3 Steps to Improving Cash Flow Problems

February 7, 2018

A smooth cash flow is crucial to any business’s finances, but if you have too much cash going out and not enough coming in, it can be hard to fix. What’s the problem? Not enough revenue? Your operating costs are too high? Those are the obvious first places to look, but if your business seems like it should be healthy and cash flow is still an issue, the problem may lie elsewhere. Here are a few things you can do to improve your cash flow, without doubling sales or working with the lights out.

Assess your situation. The first thing you need to do is see where you actually stand right now. If you don’t have a good handle on your finances that may be the root of the problem – there may be hidden costs somewhere, or you may not actually be taking in as much money as you think you are.

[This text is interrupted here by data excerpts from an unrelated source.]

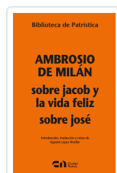
Sobre Jacob y la vida de feliz- Sobre José. nº135 Ambrosio, Santo, Obispo de Milán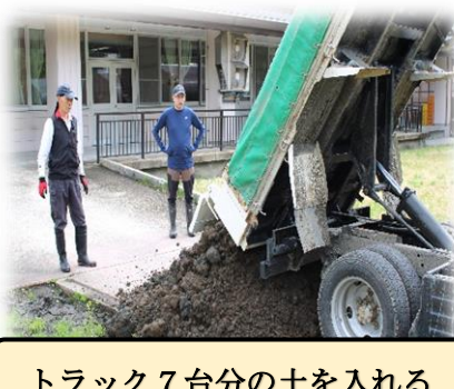
トラック7台分の土を入れる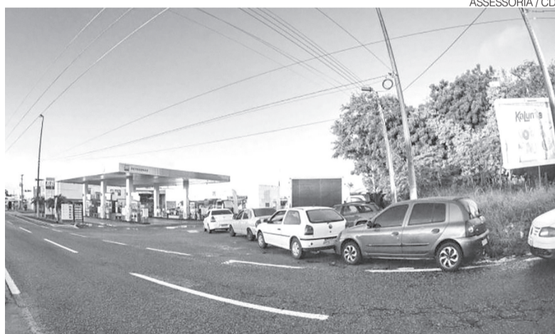
Muita gente aproveitou o dia para comprar combustíveis sem impostos

Além dos combustíveis, empresas de diversos segmentos ofereceram produtos e serviços sem repassar ao consumidor o valor correspondente aos impostos. Os descontos chegaram a até 70% em alguns casos. Entre os participantes estão centros comerciais, redes varejistas, lojas de acessórios, óticas, supermercados, empresas de tecnologia, clínicas, restaurantes, shoppings e prestadores de serviços.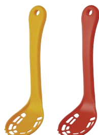
⑭ つぶせるすくえる スプーンマッシャー K-290 ¥1,050 66×221×74mm カラー:イエロー、レッド ●材質:ナイロン ●耐熱温度:200℃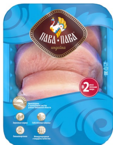
КОТЛЕТЫ «Пава-Пава» из мяса индейки 450гр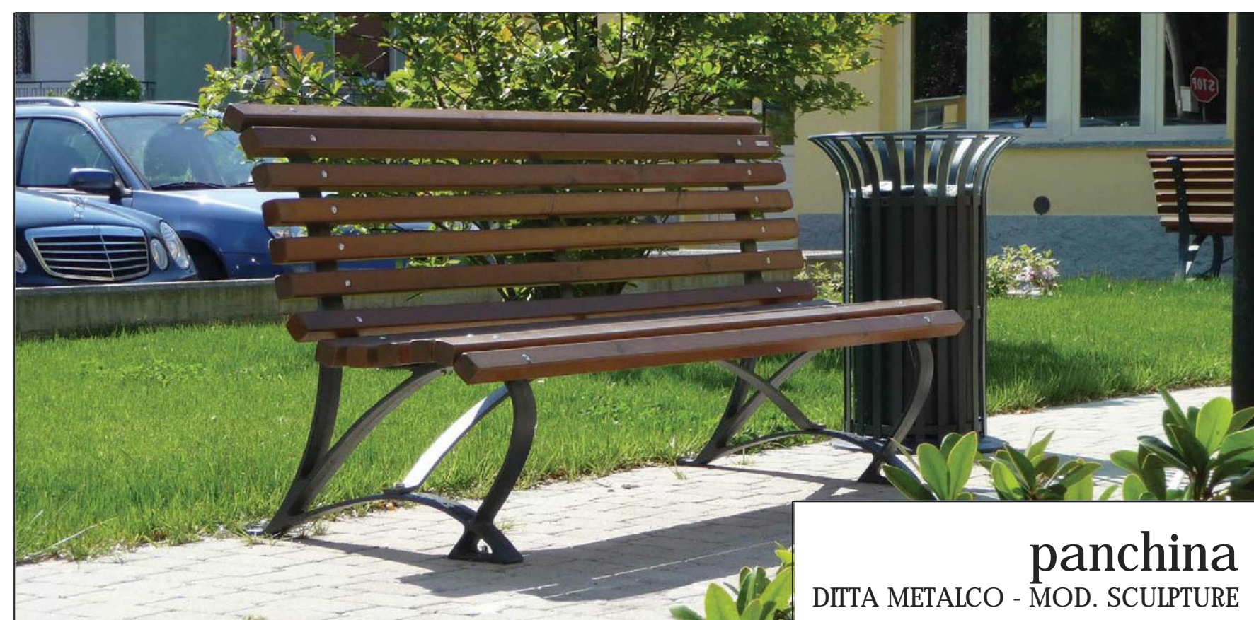
panchina DITTA METALCO - MOD. SCULPTURE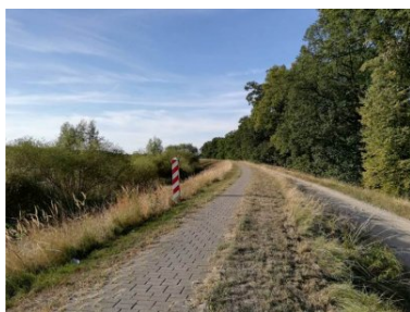
Sztafeta Wokół Niepodległej

Start with a thorough forecast. If you know ahead of time where your income and costs are coming from and when they’re going to be at your doorstep, it’s a lot easier to make decisions. For example: if your sales have grown recently you might hire or expand your operation to meet the need. But that’s a lot of money upfront – do you know when it’s coming back in? If not, you could be hung out to dry if an unexpected cost comes due.

As part of this process you should examine the balance between customer terms and supplier terms. If you’re waiting a lot longer to get paid than you’re waiting to pay, you’ll start falling behind. You may need to figure out ways to bring in more of your revenue upfront, or look to find suppliers that are more in tune with your cash flow needs. If your business is small enough that the financial department is small – or it’s just you – there is also cost-effective help available. You can find an outsourced accountant or bookkeeping service to help analyze your situation, and get moving in the right direction.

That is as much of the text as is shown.